Russian B.O. grows, but not for local pics

Homegrown hits taper off as Hollywood prevails

Hollywood movies are likely to enjoy another bonanza year at the Russian box office in 2011 as U.S. fare continues to dominate local screens.

Russian films accounted for just 14.5% ($154 million) of the country’s $1 billion box office in the past year, and there’s a dearth of big-budget local projects on the slate for the coming year, priming the territory for Hollywood domination.

“Russian films did poorly this year, mainly because there were fewer films produced thanks to uncertainty around a new system of state film finance,” Alexander Semenov, publisher and founder of Russian Film Business Today, says.

The new system, which channels $64 million — the lion’s

share of state support for feature projects — through eight major production companies, brought a major upheaval to a country where smaller independent producers had become accustomed to regular handouts.

The thinking behind the new system — which won the backing of Russian prime minister and former president, Vladimir Putin — was that independent producers would pitch projects to the “big eight” companies and production decisions would be made by professionals, not bureaucrats.

That does not seem to have happened so far and it remains unclear whether the money, to be doled out through the ministry of culture, has actually started flowing yet.

What is clear is that the box office receipts of local films, having reached 26% in 2006 and staying relatively stable through 2009, fell back steeply last year.

Figures for movies that grossed more than $10 million in Russia — a litmus test of box office power — collated by Russian Film Business Today show that in 2006 three Russian films hit or exceeded that target; 2007 saw two pics hit that milestone; 2008 had three and 2009 had five, including “Inhabited Island,” which took in just over $20 million.

This year, ironically, five Russian films scored more than $10 million, with “Nasha Russia: Balls of Fate” — a franchise film based on a hugely popular TV comedy show — taking more than $22 million, but the share of box office receipts dropped from 24% ($176 million) of 2009’s total gross of $736 million to 14.5% ($154 million) of the 2010 figure of just over $1 billion.

The big winners were Hollywood movies: “Avatar” grossed $116 million, “Shrek Forever After” took $51 million and “Alice in Wonderland” $42 million in a market where the box office year runs through the end of November.

This holiday season, just three releases are by Russian directors, including Andrei Konchalovsky’s $90 million “The Nutcracker in 3D,” a U.K.-Hungarian production that bombed at the U.S. box office where it was released Nov. 28, grossing just $160,000 to date.

“We think Russia’s share of the coming year’s box office — which should not be lower than $1 billion — will be around 15%-17%,” Semenov says. “But the big winners will be American movies, which the Russian public still flock to see.”

Some Russian producers are beginning to look at co-productions, with many smaller independent producers seeking funding in Europe and neighbor Kazakhstan, where the main state-owned studio is undergoing a major modernization program.

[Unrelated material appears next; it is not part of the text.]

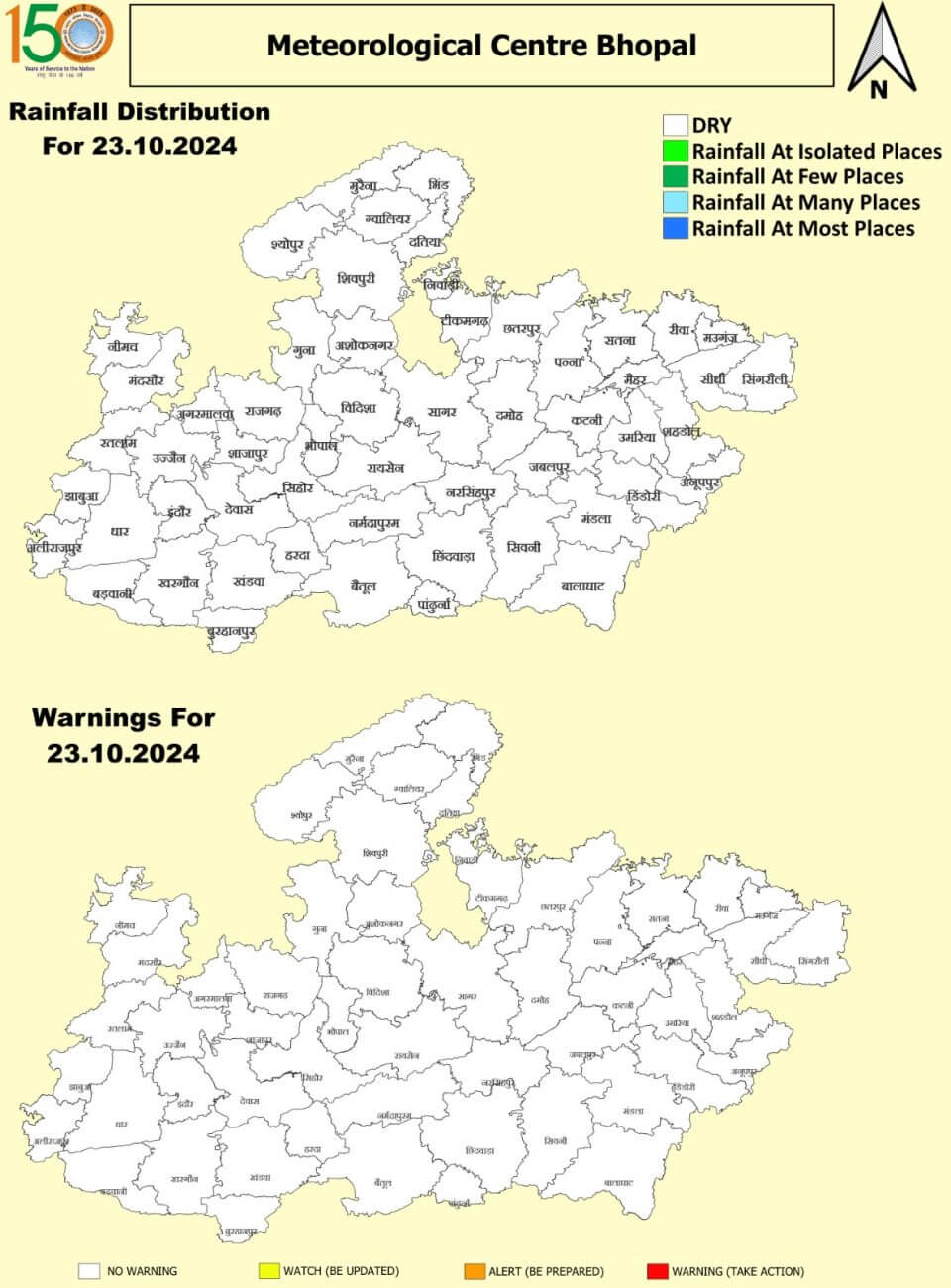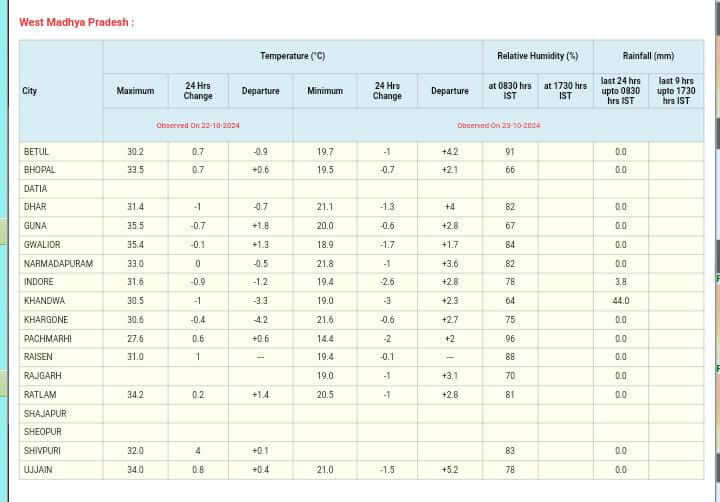 एमपी मौसम विभाग की मानें तो 24 अक्टूबर को एक नया वेदर सिस्टम एक्टिव हो रहा है, जिसके प्रभाव से 25 अक्टूबर से पूर्वी मध्य प्रदेश में एक बार फिर गरज-चमक के साथ बारिश होने का अनुमान है।इसके साथ ही इंदौर संभाग में बुधवार को बारिश के आसार है।

Alexander Rodnyansky, one of Russia’s leading independent producers — whose AR Film is not one of the “big eight” receiving state funds — believes that the Russian film industry needs to forge a new strategy that embraces co-productions.

“It is not the question of financing; it is a question of a finding a strategy that can transform Russian filmmaking into a healthy working business,” he says. “At the moment the Russian market has no international dimension, filmmakers have to rely only on domestic theatrical receipts and television sales. Co-production is the only viable option today.

“We need to make films that would appeal to both Russian and world audiences,” Rodnyansky says.

The next two major releases of his AR Films are both European co-productions: drama “Elena,” directed by Andrei Zvyagintsev and produced with French company Pyramide; and Chernobyl nuclear disaster film “V Subbotu,” directed by Alexander Mindadze, made in conjunction with Germany’s Bavaria Film.

Rodnyansky — who produced the two-part, $30 million local hit “Inhabited Island” (a truncated version of the film, titled “Prisoners of Power,” gets a U.S. release early next year) — is in pre-production on 3D WWII drama “Stalingrad,” due to begin shooting next year.

The film, which will have an international cast rumored to include Germany’s Til Schweiger as a German officer, will be shot in both Russian and English to give the film a better chance at international sales.